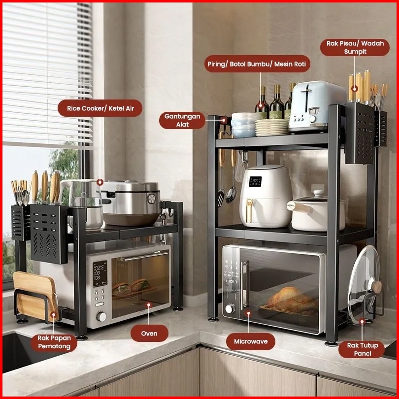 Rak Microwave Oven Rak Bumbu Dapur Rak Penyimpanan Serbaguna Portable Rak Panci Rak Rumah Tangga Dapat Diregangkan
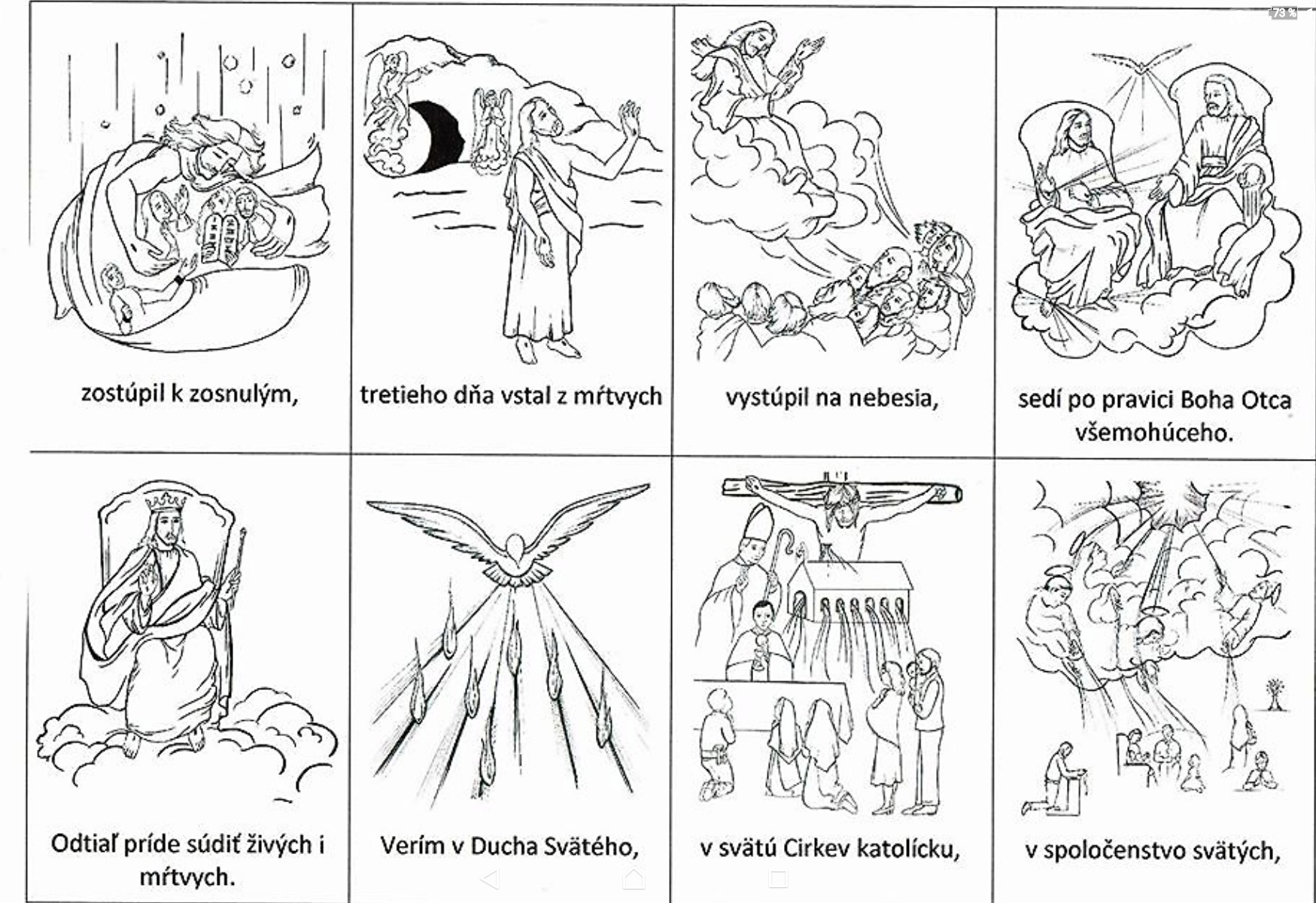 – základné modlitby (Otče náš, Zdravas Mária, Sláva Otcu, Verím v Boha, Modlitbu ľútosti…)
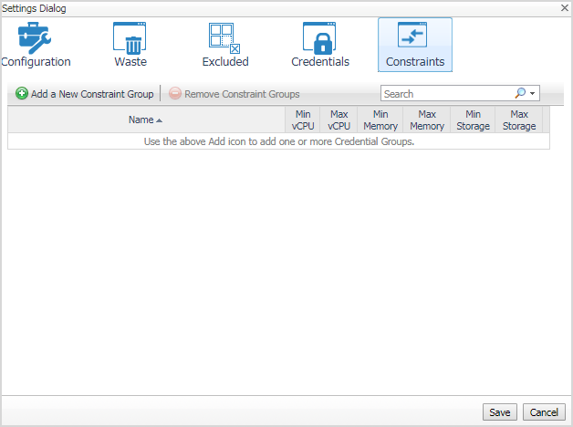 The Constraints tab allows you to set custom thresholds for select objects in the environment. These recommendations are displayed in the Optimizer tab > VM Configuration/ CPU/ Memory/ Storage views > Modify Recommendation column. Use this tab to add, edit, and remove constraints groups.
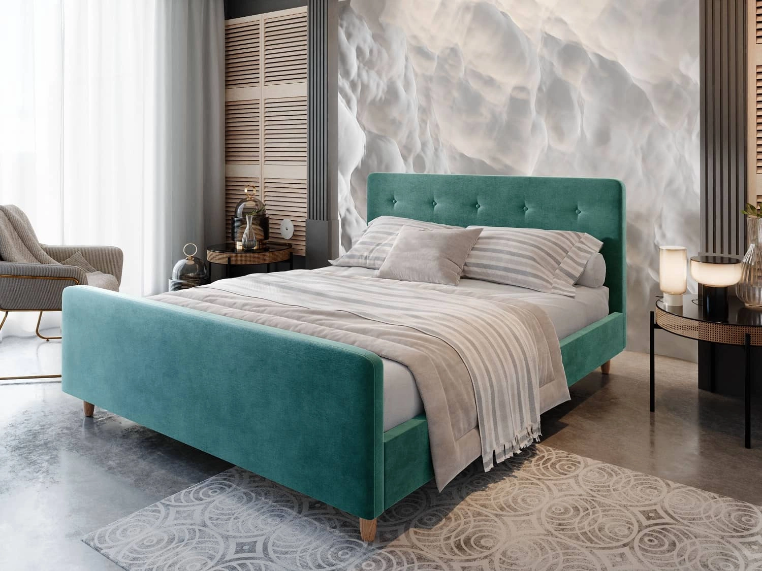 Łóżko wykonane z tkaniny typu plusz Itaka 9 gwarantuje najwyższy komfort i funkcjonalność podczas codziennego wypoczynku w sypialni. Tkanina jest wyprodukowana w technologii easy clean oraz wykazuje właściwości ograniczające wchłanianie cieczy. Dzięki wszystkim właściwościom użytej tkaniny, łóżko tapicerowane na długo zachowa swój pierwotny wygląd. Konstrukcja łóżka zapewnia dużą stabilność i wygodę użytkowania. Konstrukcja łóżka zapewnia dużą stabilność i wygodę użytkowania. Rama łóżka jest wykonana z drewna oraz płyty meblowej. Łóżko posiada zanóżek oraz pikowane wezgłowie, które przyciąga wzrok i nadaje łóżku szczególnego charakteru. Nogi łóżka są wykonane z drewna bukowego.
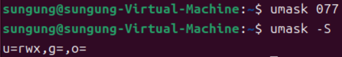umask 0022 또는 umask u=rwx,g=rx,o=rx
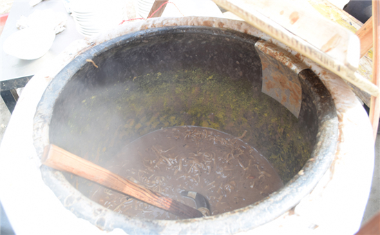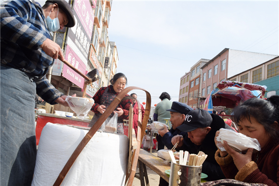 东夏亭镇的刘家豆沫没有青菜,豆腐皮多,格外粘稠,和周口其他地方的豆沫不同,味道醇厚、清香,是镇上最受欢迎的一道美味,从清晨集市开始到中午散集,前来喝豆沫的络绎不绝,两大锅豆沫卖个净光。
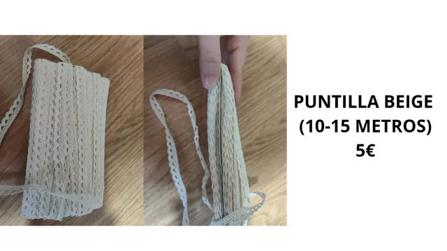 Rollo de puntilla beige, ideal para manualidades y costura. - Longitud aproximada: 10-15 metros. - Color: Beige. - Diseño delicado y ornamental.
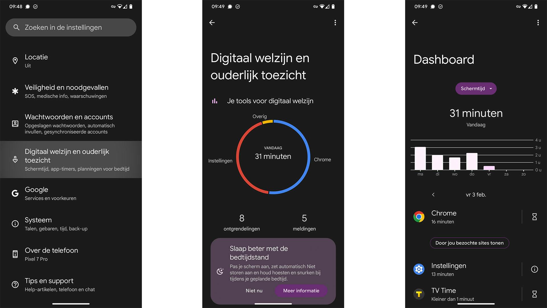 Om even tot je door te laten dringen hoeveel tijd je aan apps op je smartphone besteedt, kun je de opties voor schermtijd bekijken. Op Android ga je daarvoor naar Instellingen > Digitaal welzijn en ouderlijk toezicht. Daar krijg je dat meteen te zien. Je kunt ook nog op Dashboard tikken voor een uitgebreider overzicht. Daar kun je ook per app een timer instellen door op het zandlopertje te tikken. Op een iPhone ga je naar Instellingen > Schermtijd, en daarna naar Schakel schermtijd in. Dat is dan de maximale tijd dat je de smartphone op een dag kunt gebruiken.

==

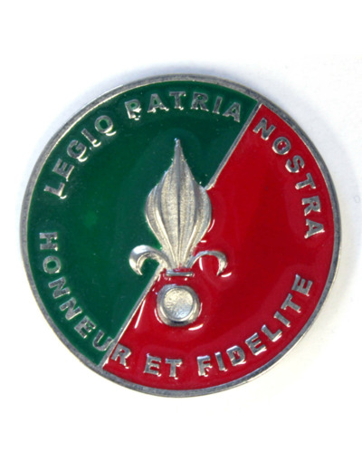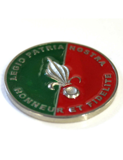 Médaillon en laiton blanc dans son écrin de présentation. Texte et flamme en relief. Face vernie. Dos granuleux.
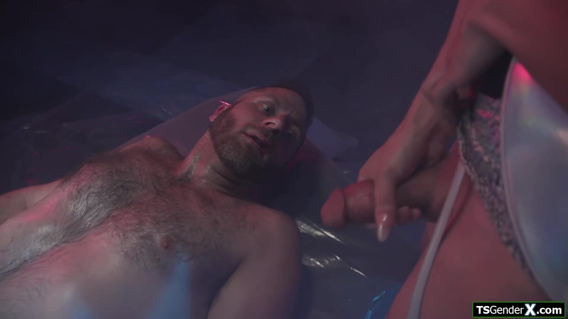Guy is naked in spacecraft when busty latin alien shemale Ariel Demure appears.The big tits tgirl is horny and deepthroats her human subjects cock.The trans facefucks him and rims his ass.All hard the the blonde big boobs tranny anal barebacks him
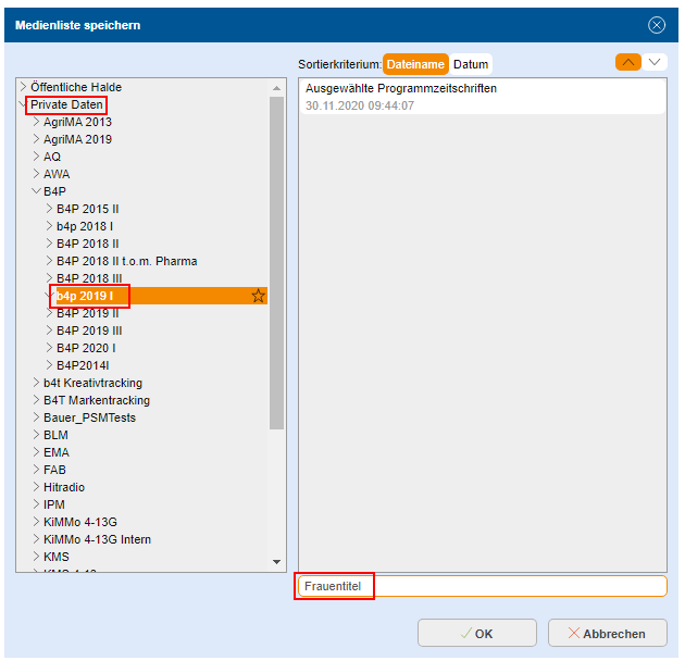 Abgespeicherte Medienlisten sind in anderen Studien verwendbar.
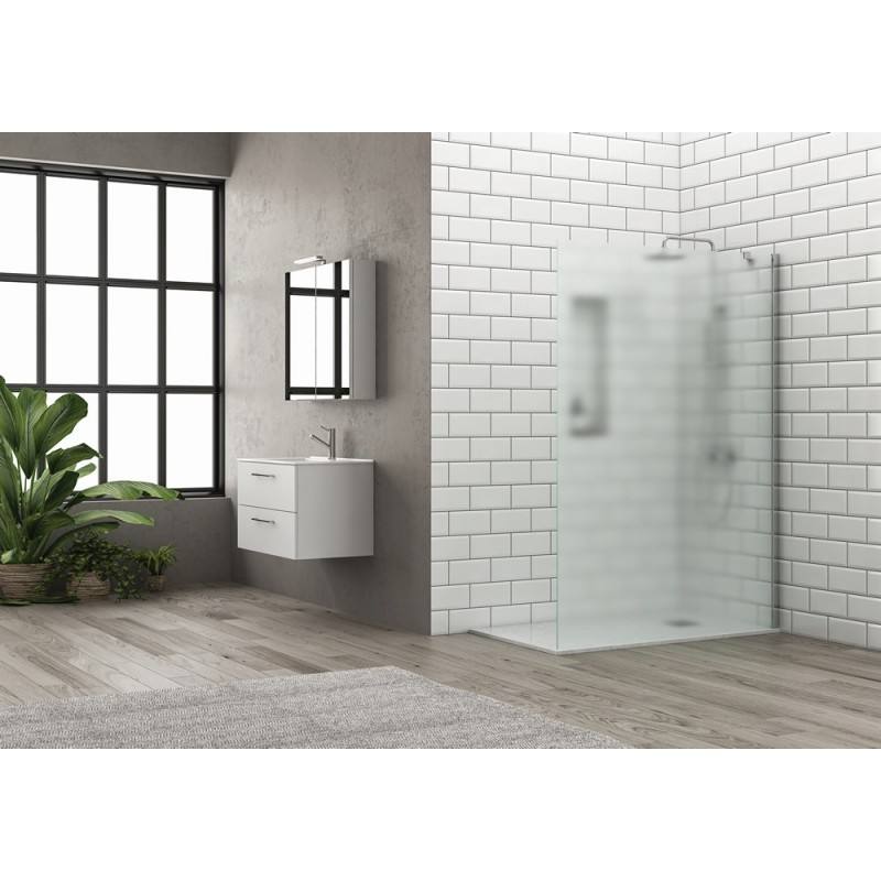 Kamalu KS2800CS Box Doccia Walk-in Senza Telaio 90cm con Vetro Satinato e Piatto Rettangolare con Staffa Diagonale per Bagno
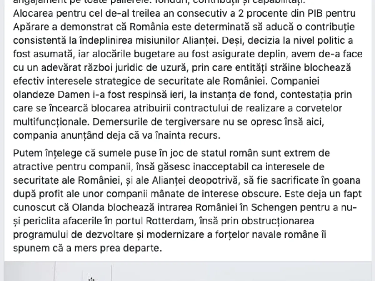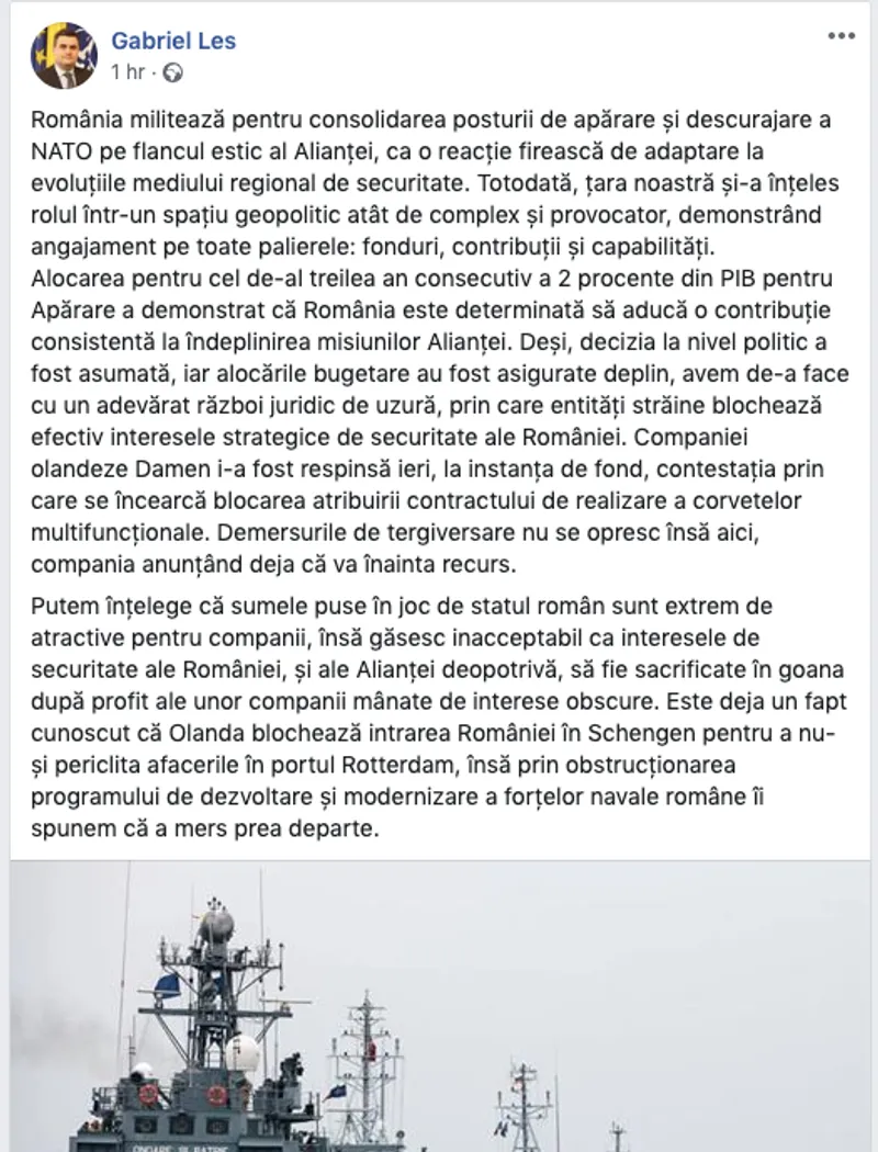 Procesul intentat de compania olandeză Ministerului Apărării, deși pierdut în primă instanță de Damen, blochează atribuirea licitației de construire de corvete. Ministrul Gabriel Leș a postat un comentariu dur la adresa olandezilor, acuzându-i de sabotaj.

...

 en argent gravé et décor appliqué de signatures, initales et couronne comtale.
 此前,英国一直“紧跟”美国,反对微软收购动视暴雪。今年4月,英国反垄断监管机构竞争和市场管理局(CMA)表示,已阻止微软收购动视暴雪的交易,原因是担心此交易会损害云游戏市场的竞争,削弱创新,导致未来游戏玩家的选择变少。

◆ **Task to carry out**: Though the entries above contain pictures, none should be copied; reproduce only the lines between the one holding "Boha, Modlitbu ľútosti…)" and the one holding "The Constraints tab", inclusive, exactly as written.

◆ **Task output**:
 – základné modlitby (Otče náš, Zdravas Mária, Sláva Otcu, Verím v Boha, Modlitbu ľútosti…)
 The Constraints tab allows you to set custom thresholds for select objects in the environment. These recommendations are displayed in the Optimizer tab > VM Configuration/ CPU/ Memory/ Storage views > Modify Recommendation column. Use this tab to add, edit, and remove constraints groups.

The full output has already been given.